I would either just get new seatbelts (Moss, VB, Juliano's or any other supplier) or have someone like Ssnake Oyl redo your originals with new webbing.
reweb.
sunfaded belts have 20% of the strength of new (I just made that up, but it's kinda true<G>)
Certain things I'd feel comfy skimping on. Occupant restraints ain't one of them. They say the MG shell is very accident-worthy. Throw that safety factor out the window with rags for seatbelts. I myself am going to have to buy new, and though I'm working with an extremely limited budget, I have to figure a way to make new seatbelts happen.
mac townsend Wrote:
reweb.
sunfaded belts have 20% of the strength of new (I just made that up, but it's kinda true<G>
"
63% of statistics are made up spontaneously for effect.

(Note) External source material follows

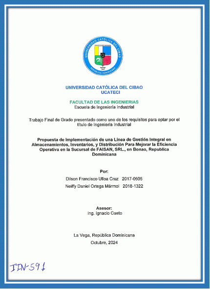 Propuesta de implementación de una línea de gestión integral en almacenamientos, inventarios y distribución para mejorar la eficiencia operativa en la sucursal de FAISAN, SRL., en Bonao, República Dominicana / Dilson Francisco Ulloa Cruz, Neiffy Daniel Ortega Mármol; asesor Ignacio Cueto

Check with companies that make safety harnesses for construction workers or the guys who drag race. They can make you certified belts and you can be safe and look good.
It is true that sun faded belts are very weak. The sun affects the stitching as well as the webbing. Over here, they will fail you on a Warrent of Fitness for faded seatbelts. I got mine re-webbed in order to keep the original ( unobtainable ) fittings. Just make sure the webbing they use is the same thickness ( about 1/8" I think ) otherwise they will keep coming loose. New cars use thinner webbing. I didn't realise that until I got mine back, and they are forever coming loose.
I recently replaced mine with a set of these. I'm very happy with them. This is the photo from the Moss catalogue.
Pete
I recently installed the inertia reel belts from Moss. They work great and from any angle. I gave up on the Securon brand.
Mike
I put new ones from Moss in the GT. Not expensive (not inertia reel), look good and work great.
Please, please do NOT refurbish webbing, or use scrapyard seatbelts. They can be very dangerous, and old webbing can fail when loaded.
The absolute first things I replaced when I bought my B last April was the seatbelts. Someone had cut out the original 3 point belts and put in two point belts. Certainly makes for fewer issues when the top is down. HOWEVER - these are 30+ year old convertibles. If I'm in an accident I want to be held in place, not launched into space over the 'boot'. I bought the Moss 3 point inertia belts and am very happen with them.
Good point, Julian - in cars like these, two point belts may actually be worse than no belt at all!
Thanks for all the advice. I hadn't considered "rewebbing". Where do you get this done, at an auto upholstery/convertable top place?